Он посмотрел на стоявших у синагоги людей. Таких откровенных евреев он тоже видел впервые. В детстве, когда он жил с родителями в Туркмении, его родители и их еврейские друзья даже дома носили туркменские халаты, говорили при встрече «Салам алейкум!» и не по еврейской, а по мусульманской, туркменской традиции не ели свинину и не пили водку. В Свердловске, когда он учился в политехническом институте, все студенты с еврейскими фамилиями «окали», как русаки, и старательно налегали на дешевую свиную тушенку. А в Минусинске евреи-металлурги хлещут водку и спирт стаканами, откармливают в сараях свиней, охотятся в тайге на кабанов и после каждого второго слова прибавляют сибирское «то»: «Я-то тебе-то сказал-то…» Нужно быть тонким и даже изощренным антисемитом, чтобы не по паспорту, а по внешнему виду узнать евреев в этих сибиряках, уральцах, волжанах…
А тут, в Москве, в самом центре «оплота всего прогрессивного человечества» – рядом с площадью Дзержинского! – эта вызывающе пейсатая, бородатая толпа, сто, а то и более мужчин в каких-то темных длиннополых пиджаках и в кепеле на головах. А на груди у безбородых юношей, в их открытых воротах, ярко блестят золотые цепочки с шестиконечными звездами! И женщины тут! И дети! А язык! На каком языке они говорят? Господи, неужели это… иврит? В Москве, на улице, открыто – иврит???
Еще не понимая, как он, сибирский валенок, может сочетаться с этими евреями, но уже чувствуя себя не одиноким жидом, против которого 260 миллионов советских людей плюс все остальное прогрессивное человечество, а среди своих, друзей, союзников, Кацнельсон непроизвольно сделал глубокий выдох. Словно доплыл до спасительного берега. И – в уже освобожденные от страха и 24-летнего гнета легкие – набрал совсем другой, столичный, что ли, воздух. Воздух улицы Архипова.
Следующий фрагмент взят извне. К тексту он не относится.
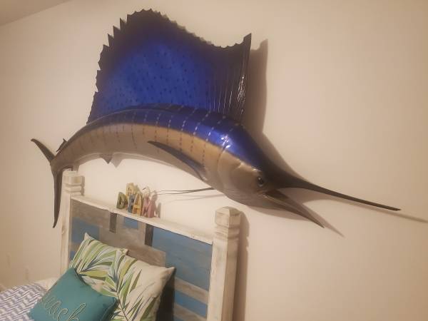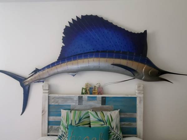 Sail Fish Custom Wall Mount 105 inches Sail Fish professional mount, removeable dorsal fin, brilliant colors for commercial or private display.
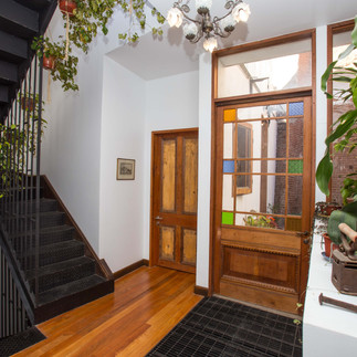 Pasillos con cuadros, que hablan de la historia y los antepasados de los dueños de casa, se abren camino en este hotel que resume la historia de Catalina Atria y John Major. Ella chilena y él californiano, vivían en San Francisco, Estados Unidos, cuando decidieron hacer un giro en sus vidas a través de un proyecto enriquecedor y entretenido para ambos. Mientras ella trabajaba como profesora y él en empresas de tecnología, la idea de un ‘guesthouse’ en Valparaíso se transformó en un sueño que empezó a tener forma una vez que se asociaron con los padres de Catalina -Rodrigo Atria y Loreto Álamos-, quienes estaban por jubilar y vieron con entusiasmo este emprendimiento familiar en una de las arterias con más carácter patrimonial a medio camino entre el plan y el cerro.

Низенький рыжебородый еврей в открытом черном пальто, с белыми шнурками из-под пиджака и какими-то тонкими черными кожаными ремешками в руках остановил его в двери синагоги:
– Аид?
Кацнельсон вдруг с радостью вспомнил, что знает это слово. Но он не знал, как сказать по-еврейски «да», и поэтому только вальяжно, как сторожу на заводской проходной, кивнул рыжебородому с высоты своего роста и прошел в синагогу.
К его удивлению, внутри синагоги людей было значительно меньше, чем снаружи. В центре большого молельного зала стояли человек сорок мужчин, в основном старики. Они держали в руках молитвенники, усердно, как дятлы, раскачивали взад и вперед седыми головами в кепеле и бормотали какие-то негромкие гортанные слова:
«Эйн кейлохейну, эйн кадонейну,
Эйн ксмалкейну, эйн кемошсйну…»
Стихи какие-то, подумал Кацнельсон, снял шапку и поверх голов молящихся посмотрел в глубь молельного зала. Там лицом к молящимся стоял коренастый и, к удивлению Кацнельсона, молодой, не старше сорока, раввин в черном костюме. Он читал молитвенник. Рядом с ним и тоже лицом к залу молились два огромных еврея, удивительно похожих не то на грузин, не то на армян. За их спинами, в стене, был высокий стеклянный шкаф. Дверцы этого шкафа были украшены цветным витражом, а за стеклом стояли какие-то свертки и лежала на подушке какая-то книга.
Интересно, подумал Кацнельсон, почему этот старый еврей, стоящий поблизости, уже несколько раз оглянулся с явным осуждением в глазах? Борис осмотрел себя – нет, все на нем в порядке. И шапку он снял, как в церкви. Ладно, не будем обращать внимания.
– Ми кейлохейну… Ми кадонейну…
– Ми кемалкейну… Ми кемошейну… – невнятно неслось по синагоге, и Борис с ужасом подумал, что он никогда не выучит этот язык. Впрочем, ему и ни к чему, тут же успокоился он. Он не собирается молиться ни тут, ни там. Он только должен отдать список вот этому раввину.
И, уже не вслушиваясь в голоса молящихся, он запустил руку под пальто и пиджак, нащупал подкладку пиджака, шов. Черт возьми, как же он теперь отпорет эту подкладку, простроченную маминой швейной машиной? Мама так старалась, чтоб незаметно было, что это не фабричный шов!
– Ноде лейлохейну, ноде ладонейну, – раскачивался в молитве зал. – Ноде лемалкейну, ноде лемошейну…
Борис прошел пальцами до верха шва, до своего левого рукава. И с облегчением перевел дух – тут, под мышкой, где пропотело, заношенная ткань была слабой даже на ощупь. Нужно только чуть потянуть. Вот так… Нет, не рвется, сука! Нужно сильней…
– Барух Элохейну, барух Адонейну… – шелестели вокруг евреи. – Барух Малкейну, Барух Мошиэйну…
Неожиданно в ритмичный шепот молитвы ворвался громкий треск разрываемой ткани.
Евреи замерли, повернули головы к Кацнельсону, раввин посмотрел на него поверх очков.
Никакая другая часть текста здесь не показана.